Book edition 1st Edition
Author(s) Paul Peter Urone
Pages 1272 pages
ISBN 9781938168000

# Repeat Exercise $${\rm{9}}{\rm{.24}}$$ for the pulley shown in Figure $${\rm{9}}{\rm{.26}}$$ (c), assuming you pull straight up on the rope.
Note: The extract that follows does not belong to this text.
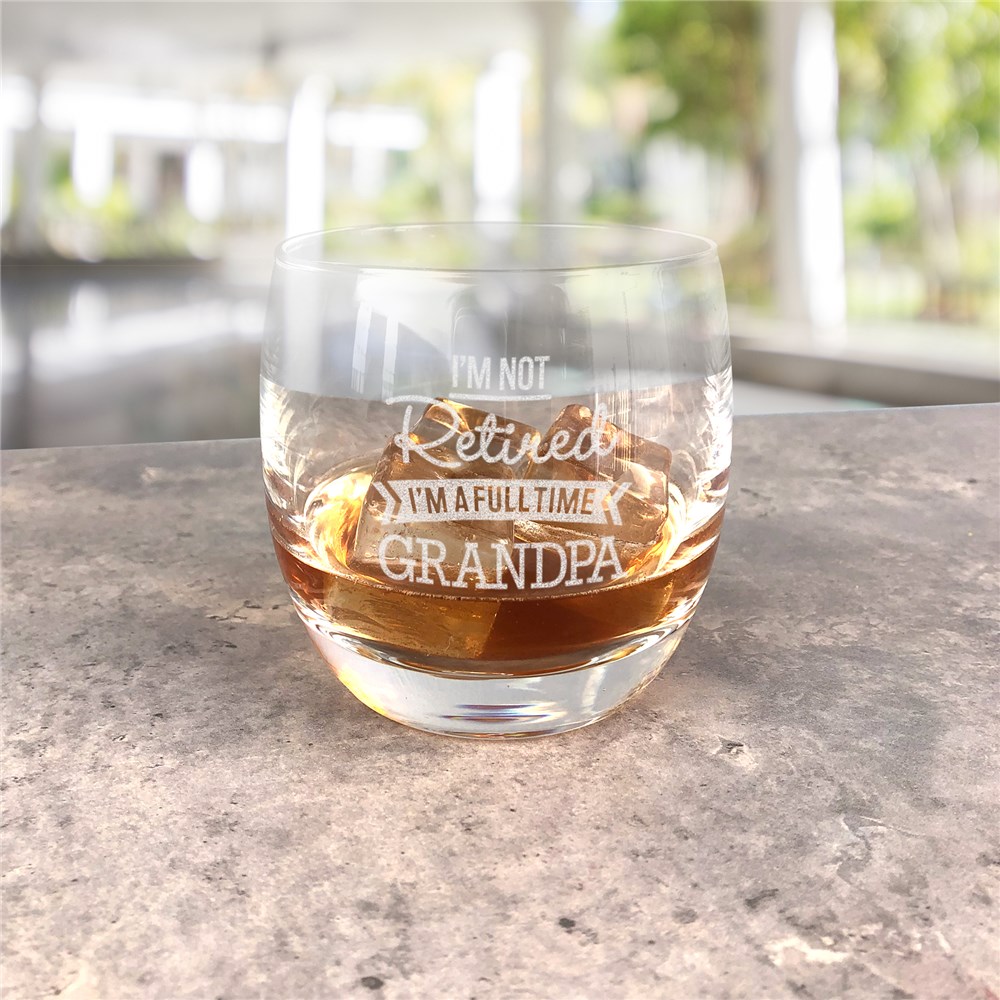 Any grandparent who has recently retired will be happy to celebrate with our Engraved I'm Not Retired Whiskey Glass.

The pulley system’s mass is $${\rm{7}}{\rm{.00}}\;{\rm{kg}}$$.

The tension in the rope is

1. $${\rm{299}}\;{\rm{N}}$$.
2. The ceiling force is $${\rm{897}}\;{\rm{N}}$$.
See the step by step solution

## Step 1: Force

A force is an external factor that can change the rest or motion of a body. It has a size and a general direction.

## Step 2: Diagram

The diagram is given below:

The mass of the pulley is $${m_p} = 7\;{\rm{kg}}$$.

## Step 3: Calculation of the tension

(a)

According to the first condition of equilibrium, the net force on the system is zero.

The mass of the pulley and the engine is,

\begin{align}m &= 115 + 7\\ &= 122\;kg\end{align}

So, we can write,

\begin{align}mg &= 4T\\T &= \frac{{mg}}{4}\end{align}

For,$$m = 122\;{\rm{kg}}$$ we write,

\begin{align}T &= \frac{{122 \times 9.8}}{4}\\ &= 299\;N\end{align}

Hence, the tension is $${\rm{299}}\;{\rm{N}}$$.

## Step 4: Calculation of the ceiling force

(b)

Assuming the rope is straight down and the ceiling force be $${{\rm{F}}_{\rm{c}}}$$ we write,

\begin{align}{F_c} &= 3T\\ &= 3 \times 299\\ &= 897\;N\end{align}

Hence, the force is $${\rm{897}}\;{\rm{N}}$$.